• Directions: Return, with both end lines included, exactly what the data below holds from the line with "Зеркало Evoform Exclusive-G" through the line with "60 KVA diesel", though not the pictures.

• Records provided:
- Opening Delimiter -

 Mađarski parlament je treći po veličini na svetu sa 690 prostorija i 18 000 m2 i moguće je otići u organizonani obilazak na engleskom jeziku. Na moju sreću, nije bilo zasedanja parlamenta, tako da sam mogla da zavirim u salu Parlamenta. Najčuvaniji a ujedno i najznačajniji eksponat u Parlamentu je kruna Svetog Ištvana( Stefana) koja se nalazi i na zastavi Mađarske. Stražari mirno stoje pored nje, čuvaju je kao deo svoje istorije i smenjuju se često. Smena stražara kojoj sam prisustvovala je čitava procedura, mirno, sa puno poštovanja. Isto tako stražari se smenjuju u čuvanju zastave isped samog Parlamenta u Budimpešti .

- Closing Delimiter -
- Opening Delimiter -

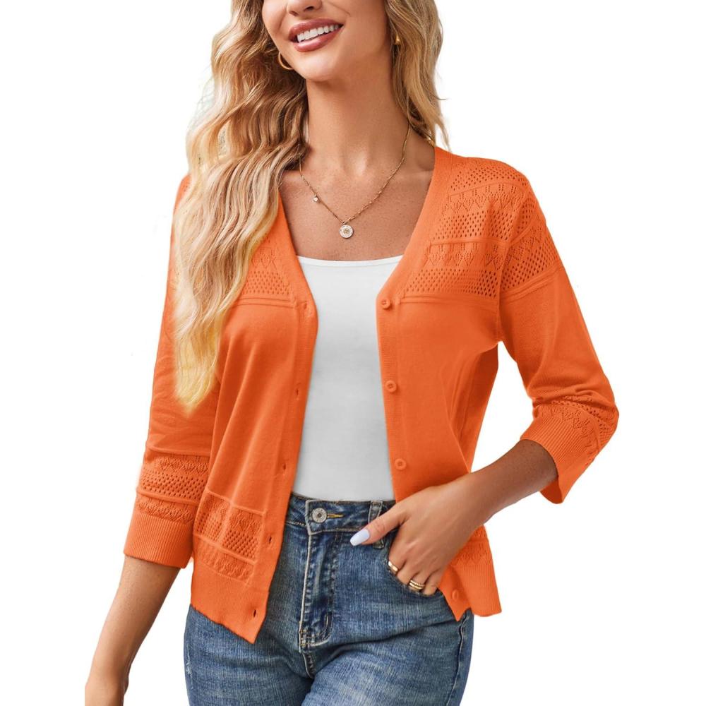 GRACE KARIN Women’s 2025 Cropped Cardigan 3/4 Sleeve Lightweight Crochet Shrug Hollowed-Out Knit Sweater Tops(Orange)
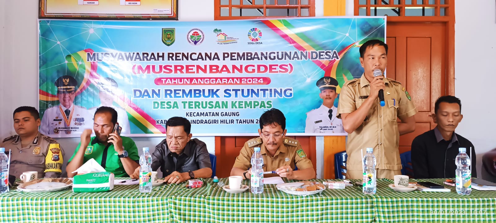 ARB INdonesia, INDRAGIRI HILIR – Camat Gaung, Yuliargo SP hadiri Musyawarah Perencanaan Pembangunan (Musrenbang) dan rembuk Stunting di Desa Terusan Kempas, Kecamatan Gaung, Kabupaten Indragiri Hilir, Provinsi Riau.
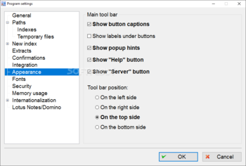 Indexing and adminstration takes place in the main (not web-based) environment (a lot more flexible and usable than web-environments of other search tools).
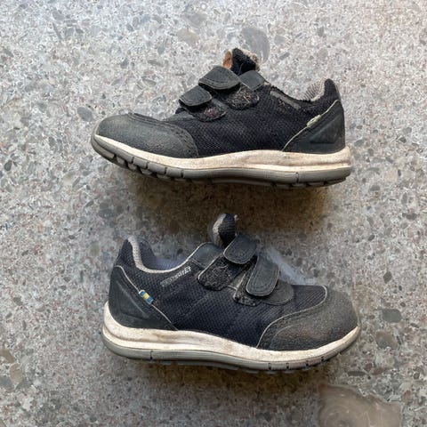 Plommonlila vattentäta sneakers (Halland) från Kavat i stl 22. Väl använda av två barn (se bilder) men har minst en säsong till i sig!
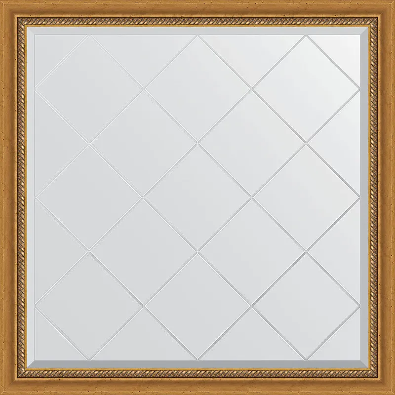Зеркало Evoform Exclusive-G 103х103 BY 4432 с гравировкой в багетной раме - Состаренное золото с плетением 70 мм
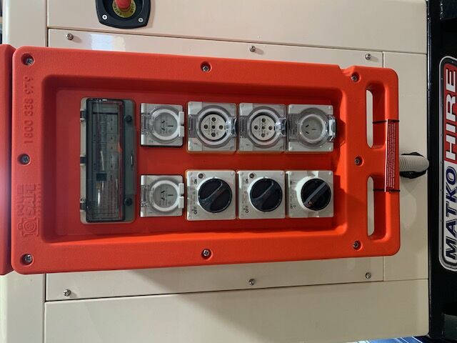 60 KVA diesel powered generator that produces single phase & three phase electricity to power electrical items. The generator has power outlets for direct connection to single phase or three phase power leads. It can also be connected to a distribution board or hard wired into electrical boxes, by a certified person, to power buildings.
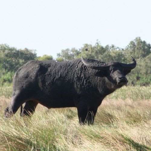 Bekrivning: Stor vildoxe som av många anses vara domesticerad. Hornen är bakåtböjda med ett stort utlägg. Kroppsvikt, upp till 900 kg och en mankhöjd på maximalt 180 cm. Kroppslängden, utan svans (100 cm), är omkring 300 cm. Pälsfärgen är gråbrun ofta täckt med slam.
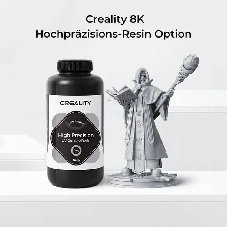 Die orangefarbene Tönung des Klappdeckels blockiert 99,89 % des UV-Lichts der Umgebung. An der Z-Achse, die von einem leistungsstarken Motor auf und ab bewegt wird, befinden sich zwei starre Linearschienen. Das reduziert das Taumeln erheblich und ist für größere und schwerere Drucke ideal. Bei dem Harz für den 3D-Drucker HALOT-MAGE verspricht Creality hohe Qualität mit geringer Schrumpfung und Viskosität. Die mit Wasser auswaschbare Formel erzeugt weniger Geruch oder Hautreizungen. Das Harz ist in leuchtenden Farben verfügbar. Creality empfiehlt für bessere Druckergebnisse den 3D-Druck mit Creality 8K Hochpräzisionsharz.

- Closing Delimiter -
- Opening Delimiter -

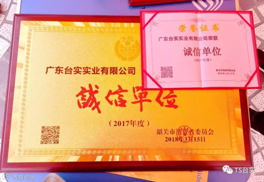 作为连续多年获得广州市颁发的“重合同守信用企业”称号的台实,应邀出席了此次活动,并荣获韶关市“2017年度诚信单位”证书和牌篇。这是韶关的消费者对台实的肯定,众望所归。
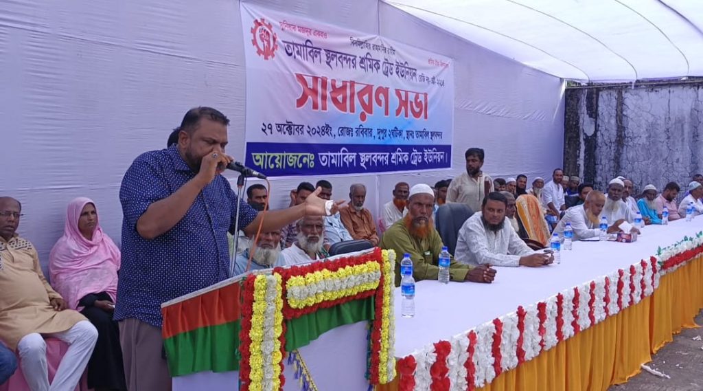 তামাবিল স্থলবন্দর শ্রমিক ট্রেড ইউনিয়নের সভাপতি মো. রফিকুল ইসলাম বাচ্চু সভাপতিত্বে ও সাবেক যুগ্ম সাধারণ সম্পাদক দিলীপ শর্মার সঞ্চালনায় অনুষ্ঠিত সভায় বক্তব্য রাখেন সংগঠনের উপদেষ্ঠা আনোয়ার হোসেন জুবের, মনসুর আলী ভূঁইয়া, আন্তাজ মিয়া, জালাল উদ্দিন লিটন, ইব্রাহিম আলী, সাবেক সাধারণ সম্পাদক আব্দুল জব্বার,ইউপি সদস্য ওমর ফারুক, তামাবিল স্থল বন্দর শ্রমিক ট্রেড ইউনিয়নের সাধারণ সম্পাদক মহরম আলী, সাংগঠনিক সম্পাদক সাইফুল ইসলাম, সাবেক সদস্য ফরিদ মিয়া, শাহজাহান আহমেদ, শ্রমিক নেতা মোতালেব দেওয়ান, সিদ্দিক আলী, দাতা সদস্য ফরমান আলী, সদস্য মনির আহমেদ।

- Closing Delimiter -

• Output for this task:
Зеркало Evoform Exclusive-G 103х103 BY 4432 с гравировкой в багетной раме - Состаренное золото с плетением 70 мм
 60 KVA diesel powered generator that produces single phase & three phase electricity to power electrical items. The generator has power outlets for direct connection to single phase or three phase power leads. It can also be connected to a distribution board or hard wired into electrical boxes, by a certified person, to power buildings.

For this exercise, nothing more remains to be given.